Protest at BP-sponsored Indigenous Australia exhibition

On 21st April the official media launch of the British Museum’s new BP-sponsored exhibition, “Indigenous Australia: Enduring Civilisation”, was interrupted by an unexpected theatrical protest. A group of “actorvists” from BP or not BP?, dressed as robbers in striped T-shirts and eyemasks, temporarily blocked the exhibition entrance with a banner reading “Stolen Land, Stolen Culture, Stolen Climate” and read out quotes from Aboriginal leaders and activists, in front of a crowd of journalists waiting to get in. The protest highlighted concerns that the British legacy of taking Aboriginal land, objects and resources without permission continues today and is perpetuated by elements of the exhibition and by its sponsor, BP.

BP or not BP?, which seeks an end to oil sponsorship of culture, argues that BP is an inappropriate and insensitive choice of sponsor. The company’s massive contribution to climate change is putting the future of Indigenous communities in Australia and around the world at risk. Furthermore, on the fifth anniversary of the catastrophic Deepwater Horizon spill, the oil giant plans to drill four new ultra-deepwater wells in Australian waters.
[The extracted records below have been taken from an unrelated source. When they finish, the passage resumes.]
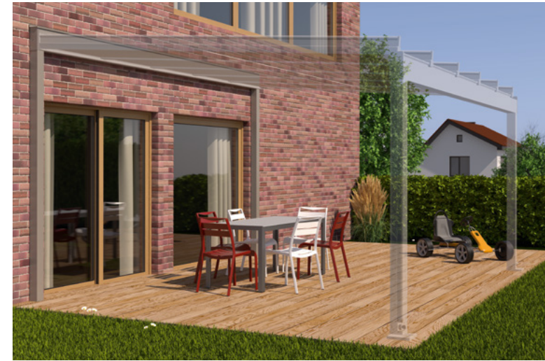
Beispiel Klinkerfassade, Tragender Wandanschluss und Terrazza Semptra
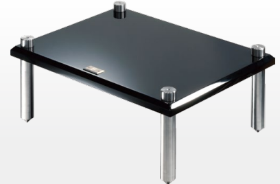
MRS-EX Tall Modular Rack 高身層架
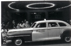
"Bibaco", 1952 © EDUARDO MOMEÑE

Eduardo Momeñe (Bilbao, 1952) es fotógrafo y ha escrito numerosos artículos y ensayos sobre estética fotográfica, aunque la esencia de la fotografía ha sido clave en su forma de entender la creación fotográfica. Ha impartido numerosos cursos, talleres y seminarios y entre sus alumnos se encuentran fotógrafos de reconocido prestigio. Proyectos tan importantes como la serie de televisión La Puerta Abierta o la revista Fotografías , realizadas en la década de los noventa, están consideradas como obras de referencia dentro de la difusión de la fotografía, con máximos, en nuestro país. Ha publicado el libro La Visión Fotográfica. Curso de fotografía para jóvenes fotógrafos , obra de la que en breve saldrá la segunda edición. Sus fotografías forman parte de colecciones públicas y privadas y desde la década de los 70 han sido expuestas en galerías e instituciones de diferentes países. Desde su estudio en Madrid ha realizado fotografías de moda, ilustración y retrato para revistas como Vogue , Marie Claire , Elle , AD o Style . Actualmente trabaja en las fotografías para una nueva exposición, en un nuevo libro sobre fotografía y en un vídeo documental sobre Europa.
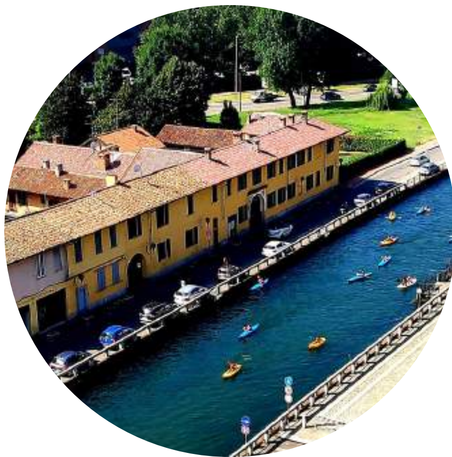
IL NAVIGLIO GRANDE

NAVIGLIOSPORT fonda le sue radici sul Naviglio Grande di Trezzano Sul Naviglio dove trova in esso l'habitat e la filosofia della sua attività sportiva, favorendo la pratica degli sport acquatici di pagaia come la canoa, il kayak, il sup, il rafting, il dragon boat. Unitamente al Naviglio, la seconda base nautica del Lago Mezzetta, sempre a Trezzano Sul Naviglio, rappresenta un punto di riferimento per lo sviluppo delle nostre attività amatoriali, didattiche e agonistiche.
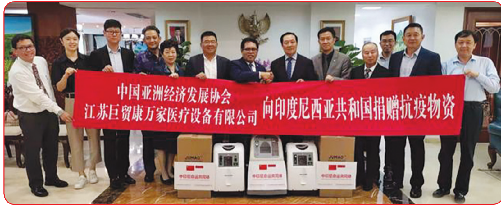
Prosesi penyerahan 100 unit oxygenator yang berlangsung di Kedubes RI untuk Tiongkok.
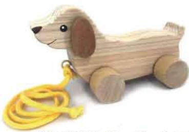
車つきおもちゃダックス(大) 1,450円 [ひのき工房]

Despite consultations with some Aboriginal communities, the British Museum has been strongly criticised by a number of Aboriginal leaders over its refusal to repatriate significant objects featured in the exhibition. A focal point of the controversy has been three rare pieces of bark art crafted by the Dja Dja Wurrung people in central Victoria that the Museum has already taken action to keep after the community tried to get them back.